Tough Mudder Kansas 2014

immediately after my first Tough Mudder, i decided i was crazy enough to sign up for my 2nd Tough Mudder. i’ll spare you the details, since you can get them in the blog post from my last Tough Mudder. (HERE) let’s just say that i trained just as hard for this Mudder. i managed to add one more pull up to my list of attributes, bringing me up to a whopping 2 whole pull ups in a row. i managed to run 10.5 miles twice just for fun, and i’ve been doing all sorts of bodyweight calisthenics to get into shape. i was still really scared, though. with about a month to go in my training, i got really burnt out with the whole “training for the Tough Mudder” thing. we had a hard winter, and i was DONE with the burpees and the wall balls and the jumping rope. i had HAD IT with all the pushups and the crunches, and my hands were callused and tired from hanging from the pull up bars. i kept going as best i could, with my flagging spirit. i had one goal this Tough Mudder…. to make it all the way across the Funky Monkey. they’re just monkey bars… but set up in a barn-roof style with an incline, then a decline. apparently, only 40% of mudders make it across the Funky Monkey, and last year i splashed into the water on the 2nd rung. i really, really wanted to conquer this obstacle this time.
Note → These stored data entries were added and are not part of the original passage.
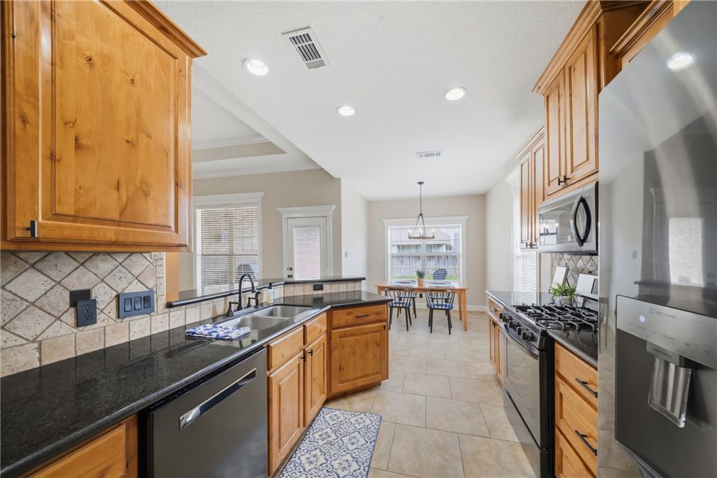 Beautifully maintained and move-in ready, this 3-bedroom, 2-bath home in sought-after Edelweiss Gartens offers wonderful curb appeal with a covered front porch and mature oak tree. Inside, high ceilings and abundant natural light create an inviting feel, while the open living, kitchen, and dining layout is perfect for everyday living and entertaining. The living room is anchored by a stunning stone fireplace, and oversized windows bring in peaceful backyard views. The kitchen features granite countertops, stained custom cabinetry, tile backsplash, an eating bar, and updated LG appliances including a gas range. A split-bedroom floor plan offers privacy, with two spacious secondary bedrooms and a full bath near the front of the home separated by a built-in desk/study nook, while the oversized primary suite is tucked away in the rear and includes wood flooring, double sinks, a large vanity, separate jetted tub, walk-in shower, and spacious closet. Tile floors run through the main living areas with carpet in the secondary bedrooms, and the extended back patio creates the perfect spot to relax outdoors. Conveniently located in south College Station near CSISD schools, shopping, dining, and parks, this is a home buyers won't want to miss.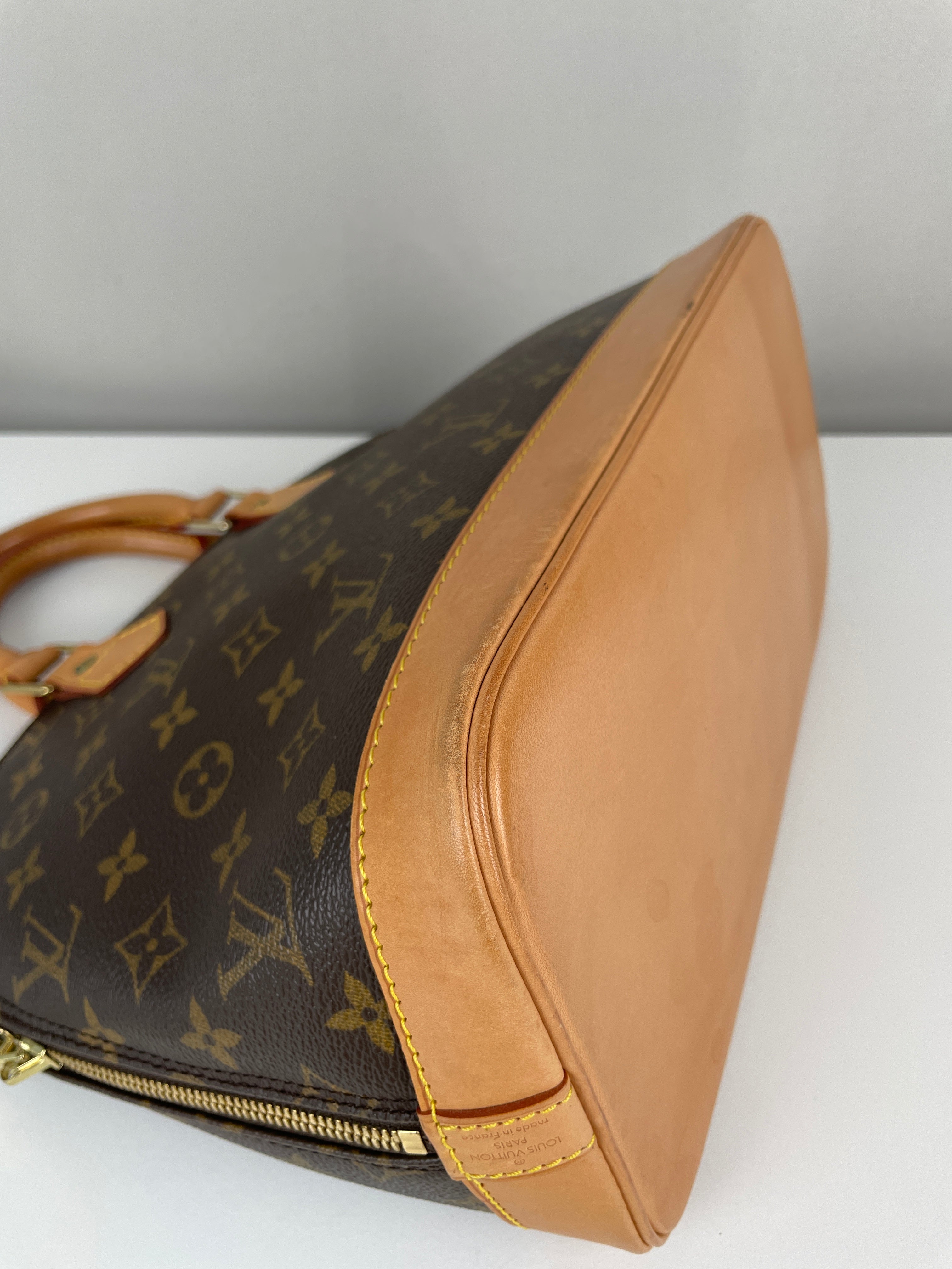 Ce Louis Vuitton Alma PM en toile Monogram est un modèle iconique datant de 1997. Avec sa silhouette structurée, sa fermeture zippée et sa bijouterie dorée, il allie élégance et praticité. Le cuir patiné apporte une touche vintage authentique, idéale pour les passionnés de sacs intemporels Louis Vuitton.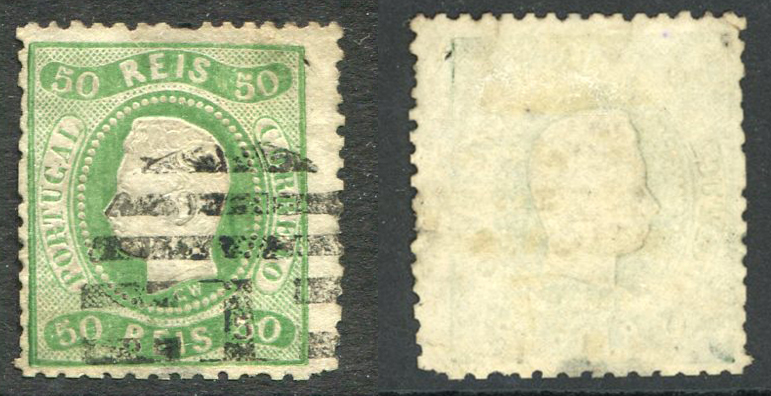 1867 King Luis 50r. green perf. 12 1/2 used. Faults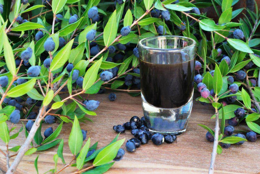 Vino od mirte. Rimski specijalitet myrtidanum, vino od bobica mirte, proizvodi se u Italiji. Na Sardiniji prave čak dva likera od mirte – od crvenih bobica se radi Mirto Rosso, a od svijetlih Mirto Bianco koji svojim mirisom i više podsjeća na mirtu. Priprema je vrlo jednostavna, u dobro bijelo vino doda se šaka suhih bobica mirte, zatvori se i ostavi 4 tjedna da odstoji. Nakon toga se procijedi, dobro se boca zatvori i čuva na tamnom i hladnom mjestu. Ovo vino je vrlo ukusno, korisno i ljekovito.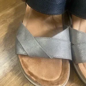 Elegant Sofft sandals with black and silver straps. Comfortable and stylish for any outing.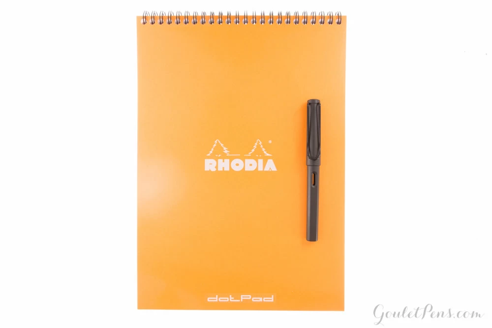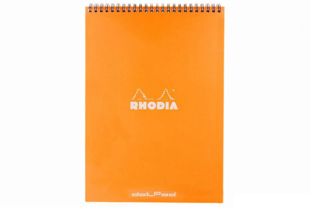 This A4-sized orange Rhodia top wirebound notepad features 80 sheets of extra white 80g acid-free, pH neutral 5mm dot grid paper. Each sheet is microperforated at the top for easy and clean removal. There is a hard cardboard back for writing support. These economical pads are a favorite of artists, designers, writers, and notebook fans for notes, sketching, and hand drafting. People love them for their grids, smooth paper, and iconic cover.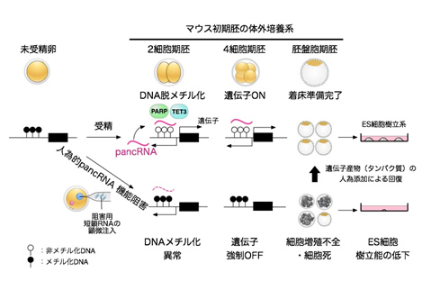 pancRNAのそれぞれは、特定の遺伝子とペアで機能しうると考えられます。これまで、遺伝子機能をOFFにするノンコーディングRNAはよく知られていました。しかし、pancRNAは、遺伝子機能をONにするメカニズムに関与することで、ほ乳類個体発生のごく初期から機能していることが明らかになりました。

my first Mudder was in September of 2013. we had so much fun that we signed up for the next one the day after the event. later, the date for the event was announced…. May 3rd, only 9 months after the last Tough Mudder! i think i took a month or two off, but i remember jumping back into training pretty quickly.

here we are now, not even a year later…. not even a year older (!) and i just completed my second Tough Mudder.

this one was a completely different event.

first, the stats: 25 obstacles and 11 miles. 11 people on our team with 5 Legionnaires. Cliff was no longer a sponsor… this year it went to MetRx. not okay for me… Cliff Builder’s bars are vegan. NOTHING MetRx makes is without dairy. i was very, very disappointed i would have to pack energy snacks again this year, but oh well. they didn’t get in the way too much last year. i packed my Spi Belt with 3 quadruple wrapped medjool dates and 2 miniature Cliff Builder’s Bars. let the fun begin.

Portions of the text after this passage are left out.